Ellen came around the corner of the house wheeling the cleaning supplies in a red wagon. The wagon was one of Duke's favorite things, he would sit in it and let the children pull him all around the huge yard that surrounded their country house. He would let Ellen dress him up in all sorts of ridiculous outfits; bonnets tied to his head, tutu's wrapped around his midsection, every conceivable indignity patiently suffered as long as she would pull him in the wagon. Then my father would get hold of him, wrapping bandages around imaginary wounds and pulling him in the wagon, pretending Duke was a soldier trapped behind enemy lines, my father the hero who'd been sent to rescue him. Whatever the scenario, Duke played along, just happy to be chauffeured for a while.

The sleeping dog sprang to life when he heard the rusty wagon wheels squeaking toward the front porch that afternoon. He bounded down the front steps and wagged his tail expectantly at Ellen in her summer dress and the funny hat she liked to wear. My father followed down the steps and took the handle from his sister, "Let me pull him," he said to her.

"All right, go ahead," she answered, "I'll walk back here and keep Duke steady when we get to the hill." With that Duke clamored up into the wagon and they were on their way.

The creek was a half mile walk from the house, down a dirt path that meandered through the woods. Just above the creek the path widened out and became a long, steep, rock strewn hill that ended at the shallow water. When they reached the top of the hill my father had a brilliant idea.

"Scootch back a little, Duke," he said as he swung the wagon's handle up toward the sky, "I'm gonna ride with you down the hill." My father pushed Duke to the back of the wagon with the soap, sponge and towels, and then he climbed into the front.

"Jimmy what are you doing?" Ellen asked with alarm, though it was all too apparent what he was planning to do.

My father gripped the wagon handle in front of him with both hands, intending to use it to steer the wagon down the hill. "Just give us a little push, Ellen, would you?" he asked.

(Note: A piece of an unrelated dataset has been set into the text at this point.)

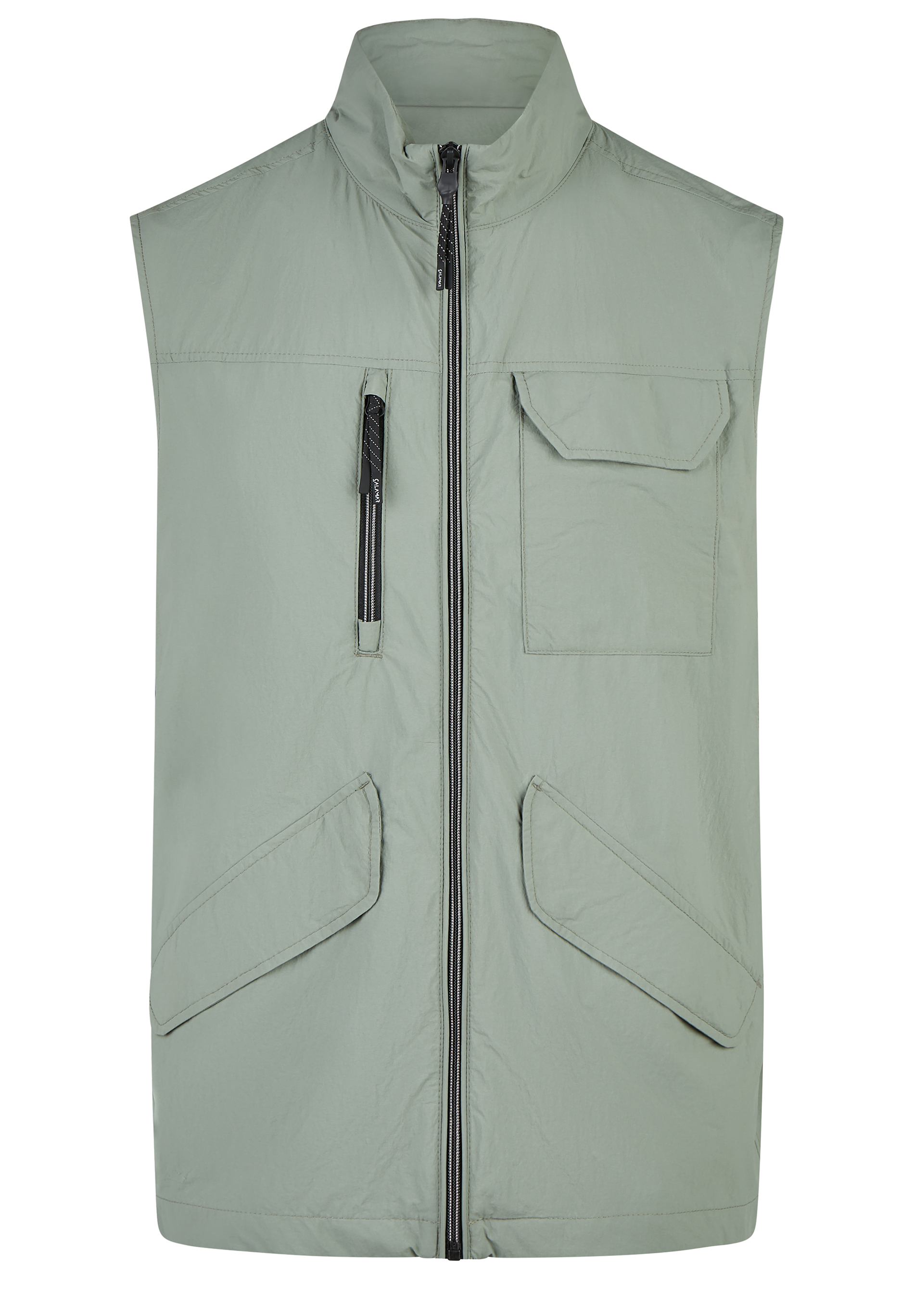 Diese Cotton-Feel Weste von CALAMAR ergänzt Deinen Look um eine sportive und zugleich stilvolle Komponente. Der markante Stehkragen und die klar definierte Silhouette sorgen für moderne Ausstrahlung. Brusttaschen mit Knopf, Fronttaschen sowie eine Innentasche mit Reißverschluss bieten durchdachten Stauraum. Das vollständige Futter garantiert angenehmen Komfort und hochwertige Verarbeitung. Als vielseitige Herrenweste eignet sich dieses Modell ideal für Layering-Looks – funktional, urban und zeitgemäß.

"I don't think that's such a good idea...," Ellen began to say, but as soon as my dad realized that she was going to try to talk him out of it he swung one leg out of the wagon and pushed off as hard as he could. The wagon shot off down the hill with my father piloting and the poor unsuspecting Duke along for the ride. After a moment of disbelief, Ellen began to run after them as fast as she could go. At first they did o.k., my father laughing as he steered the wagon around the rocks in his way. They picked up speed at an alarming rate, however, and my father began to have difficulty picking a clear path. When the back right wheel bounced over a good sized rock, Duke had had enough. The Setter, proving without a doubt that dogs are smarter than children (and many, many adults), bailed out in a panic and turned tail, running back up the hill, never once looking back to see if the crazy boy who had started this lunacy survived to the end. Ellen, still running behind the streaking wagon but losing ground every second, saw Duke leap from the wagon bed and turn up the hill toward her. She tried to stop and catch him as he went galloping past but her momentum was too great and as she reached for him she tripped and flew face first down the hill scraping her forearms and elbows and ripping her dress across the knees. Meanwhile my father continued down the hill, dog-less, careening from one rock to the next, almost, but never quite tipping the wagon over every couple of seconds. The creek came up quickly, the rocks increased, and as he neared the water's edge the front of the wagon struck a boulder that the wheels couldn't clear and my father shot forward out of the wagon, ass over teakettle, and into the shallow creek.

Thoroughly drenched, and more than a little shaken from the dramatic turn his wagon ride down the hill had taken, my father rose up to his hands and knees in the water at the edge of the creek. Ellen was slowly walking down the hill toward him, examining her scraped elbows but not crying, his older sister was a tough little girl. Her face was streaked with dirt and her hat, though pinned into her hair, was askew. She stopped on the bank of the creek, looking at her brother, her hands on her hips. "You're an idiot," was all she said.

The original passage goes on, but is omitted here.